Я тоже не смогу передать во всей полноте своеобразие его суждений, тем более не смогу изложить особенности его образной системы, я лишь попробую донести до вас смутное отражение образа этого замечательного человека.

Вместо ответа на приветствие Зингер мог, устремив свой безумно-болезненный взгляд в никуда, начать неожиданно бормотать стихи, например эдакие:

Большевик полюбил меньшевичку,

Его на постое жиличку,

Но был с ней груб!

Она же дала ему кличку,

Под стокот колес перекличку,

Ты — большедуб!

Он ее не утопил в Днестре,

Не отдал друзьям в Эн-ке-ве-де,

Он ее сам прибил!

Не нашли ее потом нигде,

Труп сгорел в чарующем костре,

А он и позабыл.

На вопрос: "Чье это?", он никогда не отвечал, и только от природы презрительный изгиб его губ становился еще более выразительным. В авторстве вполне можно было заподозрить и его самого, но в подобном случае не авторство было важно.

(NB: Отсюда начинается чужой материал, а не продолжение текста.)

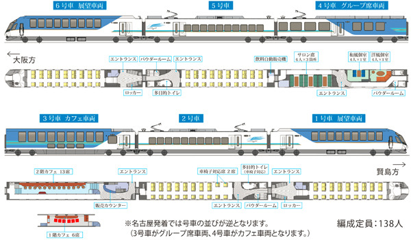 카페 차량은 긴테츠 전통의 2층 건물 구조이며, 차내의 좌석은 모두 3열배치이고, 시트 간격도 125cm로 기존의 특급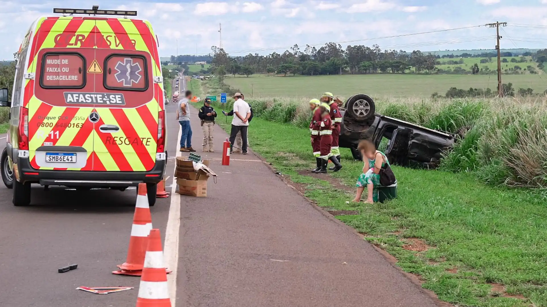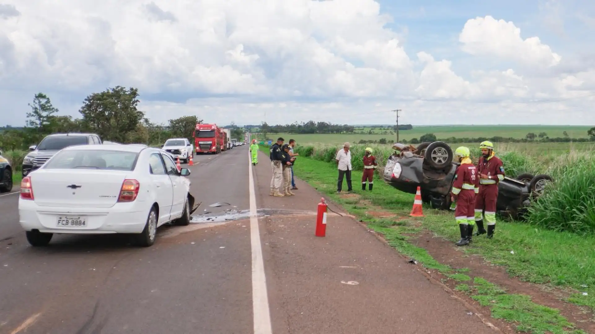 Segundo informações iniciais, a dinâmica aponta para uma colisão traseira que resultou no capotamento de um dos veículos. Um casal de idosos estava em um dos carros; apesar do susto, não sofreram ferimentos graves.

Рифмоидный бред, подобный вышеприведенному, нам тогда казался крамольно-опасной поэзией пострашнее пресловутого "кремлевского горца" — поясню, что речь идет о шестидесятых годах двадцатого века, — поэтому мы, собеседники Зингера, казались самим себе ниспровергателями режима, заговорщиками-диссидентами.

Ничего не поясняя, слегка картавя и заикаясь, время от времени пришепетывая и не выговаривая некоторых других букв, он, вдохновенно следуя ритму, завывал, не изменяя при этом привычному еврейскому интонационному повышению в конце каждого устойчивого фрагмента фразы:

Да, так велит мне вдохновенье:

Моя свободная мечта

Все льнет туда, где униженье,

Где грязь, и мрак, и нищета.

Потом он сам себе говорил: "А теперь надо это":

Мертвецкая мгла,

И с тумбами вровень

В канавах — тела

Утопленниц-кровель.

— А?! Вы улавливаете созвучие? — продолжал он говорить как бы сам с собой, но при этом обращался все-таки к вам. — Следите дальше, но очень, очень внимательно:

И я люблю сей мир ужасный:

За ним сквозит мне мир иной,

Обетованный и прекрасный,

И человечески простой.

— Так, вот именно вот так: сквозит! Это — у него, а у того — смотри, смотри, сейчас тебе откроется еще одна тайна:

Оконницы служб

И охра покоев

В покойницкой луж,

И лужи — рекою.

И в них извозцы,

И дрожек разводы,

И взят под уздцы

Битюг небосвода.

— А?! А теперь — сразу вот это:

Ты был когда-нибудь унижен

Болезнью, голодом, нуждой?

Ты видел ли детей в Париже?

Иль нищих на мосту зимой?

— Но главное, — и здесь он мог даже мельком взглянуть вам в глаза, от чего холодела спина:

Всю жизнь жестоко ненавидел

И проклинал я этот свет,

Пускай грядущего не видел,

Дням настоящим молвил: НЕТ!

Зингер умолкал столь же внезапно, сколь и начинал говорить, но, даже ничего не понимая, эмоционально вы помимо собственного желания попадали во власть чего-то мощного и страшного. Вы начинали догадываться о том сумраке и тех бурях, которые бушуют внутри этого неухоженного, некрасивого черепа с кое как обскубанными рыжими волосами.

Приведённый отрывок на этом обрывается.